An Orbital Sciences Corporation Antares rocket is seen as it launches from Pad-0A at NASA’s Wallops Flight Facility, Thursday, January 9, 2014, Wallops Island, VA. Antares is carrying the Cygnus spacecraft on a cargo resupply mission to the International Space Station. The Orbital-1 mission is Orbital Sciences’ first contracted cargo delivery flight to the space station for NASA. Cygnus is carrying science experiments, crew provisions, spare parts and other hardware to the space station. (Credit: NASA/Bill Ingalls)

I guess Orbital Sciences Corporation can kiss any defense launches goodbye for its Antares launch vehicle. The company plans to replace the rocket’s Russian surplus AJ-26 engines with new Russian engines they hope won’t blow up during flight or be banned from export at some point in the future.

Designated the RD-181, the new engine will be used on Antares in shipsets of two to accommodate as closely as possible the two-engine configuration built around the AJ-26 engines supplied by Aerojet Rocketdyne, Orbital Sciences managers said Dec. 16.

A descendant of the RD-171 that powers the Ukrainian-built Zenit launch vehicle, the RD-181 will be manufactured in the same Khimki factory that builds the RD-180 used on the United Launch Alliance Atlas V. It closely resembles the RD-191 on Russia’s new Angara launcher and the RD-151 that powers South Korea’s Naro-1 launch vehicle.

In testing at Energomash, “the RD-181s have seen more than two times the Antares flight duration to date, and if you take a look at some of the heritage of this engine, the RD-151 and the RD-191 combined have over 10 hr. of test time for their configuration testing,” said Mark Pieczynski, Orbital’s vice president for space launch strategic development.

Like the AJ-26, the single-thrust-chamber, single-nozzle RD-181 uses liquid oxygen and refined petroleum (RP) as propellants, generating a sea-level performance in the two-engine configuration of 864,000 lb. thrust with a specific impulse of 311.9 sec.

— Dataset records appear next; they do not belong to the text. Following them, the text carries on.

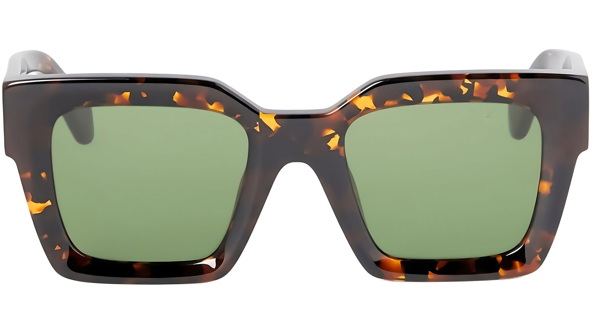 Occhiali da sole Off-White modello Jackson codice colore 6055 con frontale in acetato tartaruga e lenti cat. 3 in polimero CR-39 verde. Rivenditore autorizzato Off-White Eyewear online. Gli occhiali vengono consegnati con custodia e accessori originali e sono coperti dalla garanzia ufficiale di 12 mesi del produttore.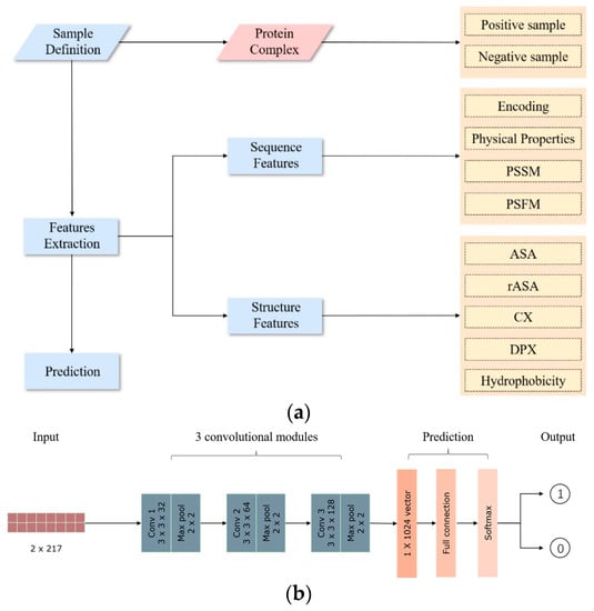 The process of prediction of PPI sites. (a) The overall flow chart for predicting pairs of interacting residues in this paper; (b) the structure of the convolutional neural network.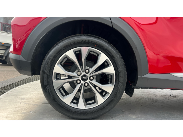 "features": "Driver impairment monitor, Emergency call service, Ford easy fuel, Full digital 12.3\" instrument cluster, Lane keeping aid with lane departure warning, Power assist steering, Selectable drive modes(Normal, sport, Eco, trail, slippery), Speed sign recognition, Standard suspension, 12\" landscape touchscreen display with wireless apple car play and android auto 6 speaker audio system, Ford pass connect and emergency assistance, Ford SYNC4 with connected navigation, Automatic headlights with rain sensing wipers and auto high beam, Front fog lamps, LED daytime running lights, LED rear lamps, Quickclear heated windscreen, Rear privacy glass, Rear side wing doors, Rear wiper, Third brake light, 3 seat bench in 2nd row, Centre console with armrest and stowage, Electronic automatic temperature control (EATC), Ford megabox extended bootspace, Front and rear head restraints, Front floor mats, Manual 4 way driver seat adjust with lumbar adjustment, Single front passenger seat, Titanium cloth upholstery, 3 rear seatbelts, Child safety lock, Electronic stability control (ESC) and hill start assist, Pre-collision assist with autonomous emergency braking, pedestrian/cyclist detection & post-collision braking, Tyre pressure monitoring system (TPMS), Thatcham alarm, 17\" Absolute black machined finish alloy wheel, ",

That is equivalent to the twin-nozzle RD-180, but the two engines are a better fit with the Antares main stage, built for Orbital by Ukraine’s Yuzhmash.

Congress has just voted to prohibit ULA from using Russian RD-180 engines in its Atlas V booster due to deteriorating relations with that country. That would seem to limit Orbital’s ability to bid for defense launch contracts unless there is a change in policy.